> [DATA TO PROCESS]

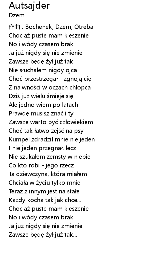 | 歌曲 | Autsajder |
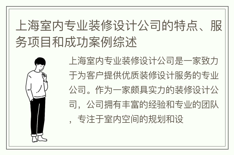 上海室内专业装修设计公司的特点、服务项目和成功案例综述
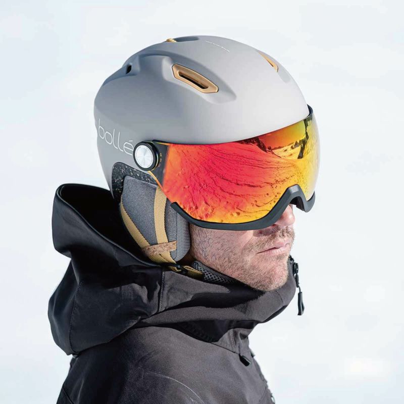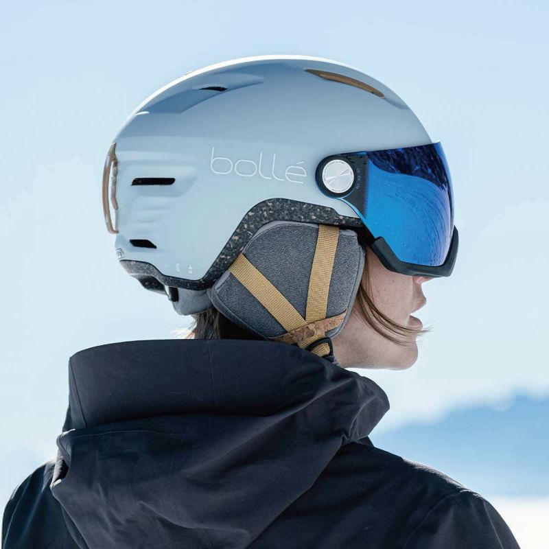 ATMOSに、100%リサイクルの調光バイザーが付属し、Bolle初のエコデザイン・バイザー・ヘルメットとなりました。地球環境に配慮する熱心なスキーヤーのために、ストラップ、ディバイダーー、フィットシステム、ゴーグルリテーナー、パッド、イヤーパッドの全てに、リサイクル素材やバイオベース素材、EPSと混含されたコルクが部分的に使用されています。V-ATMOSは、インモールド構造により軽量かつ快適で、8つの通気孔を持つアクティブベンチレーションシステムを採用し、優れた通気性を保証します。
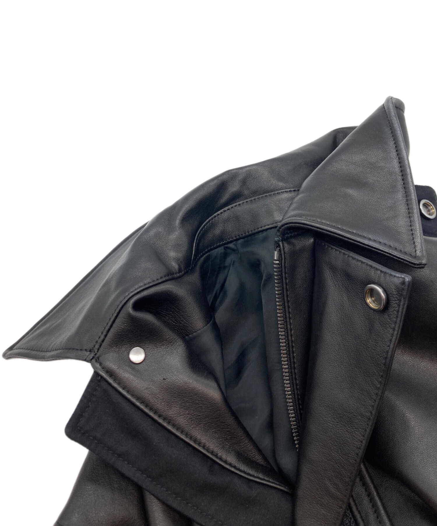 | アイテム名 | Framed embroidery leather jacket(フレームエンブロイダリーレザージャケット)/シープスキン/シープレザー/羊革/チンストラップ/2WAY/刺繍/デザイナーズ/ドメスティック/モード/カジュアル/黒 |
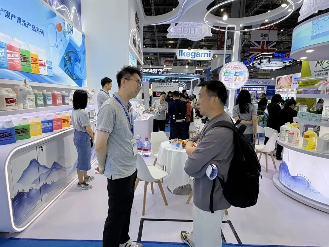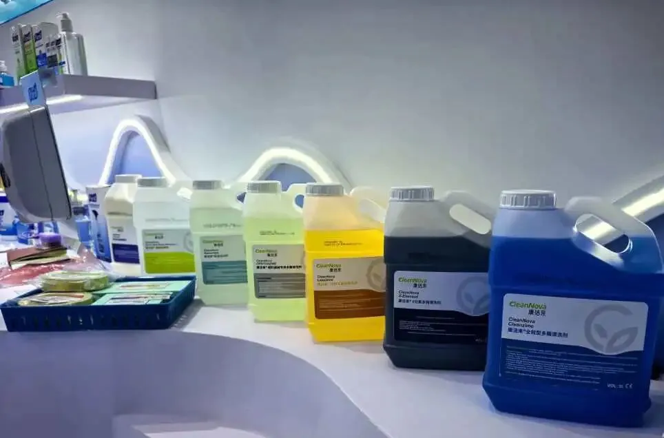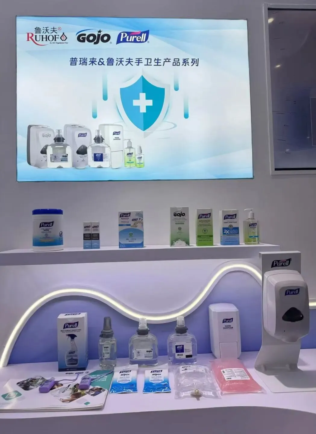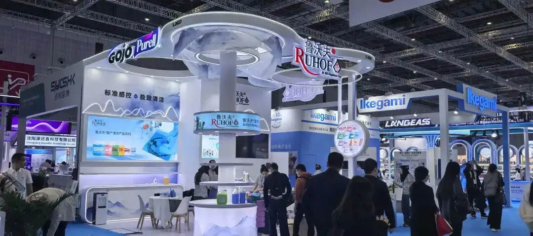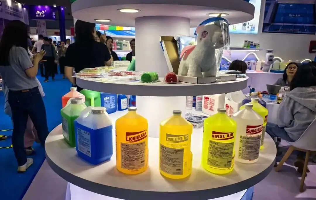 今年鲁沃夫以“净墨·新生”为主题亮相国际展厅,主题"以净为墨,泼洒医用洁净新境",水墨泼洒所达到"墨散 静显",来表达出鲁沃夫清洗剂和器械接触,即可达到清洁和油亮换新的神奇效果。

> [TASK ITEM] Output the entries exactly as they appear, with no pictures included.

> [SOLUTION BELOW]
 | 歌曲 | Autsajder |
 上海室内专业装修设计公司的特点、服务项目和成功案例综述
 ATMOSに、100%リサイクルの調光バイザーが付属し、Bolle初のエコデザイン・バイザー・ヘルメットとなりました。地球環境に配慮する熱心なスキーヤーのために、ストラップ、ディバイダーー、フィットシステム、ゴーグルリテーナー、パッド、イヤーパッドの全てに、リサイクル素材やバイオベース素材、EPSと混含されたコルクが部分的に使用されています。V-ATMOSは、インモールド構造により軽量かつ快適で、8つの通気孔を持つアクティブベンチレーションシステムを採用し、優れた通気性を保証します。
 | アイテム名 | Framed embroidery leather jacket(フレームエンブロイダリーレザージャケット)/シープスキン/シープレザー/羊革/チンストラップ/2WAY/刺繍/デザイナーズ/ドメスティック/モード/カジュアル/黒 |
 今年鲁沃夫以“净墨·新生”为主题亮相国际展厅,主题"以净为墨,泼洒医用洁净新境",水墨泼洒所达到"墨散 静显",来表达出鲁沃夫清洗剂和器械接触,即可达到清洁和油亮换新的神奇效果。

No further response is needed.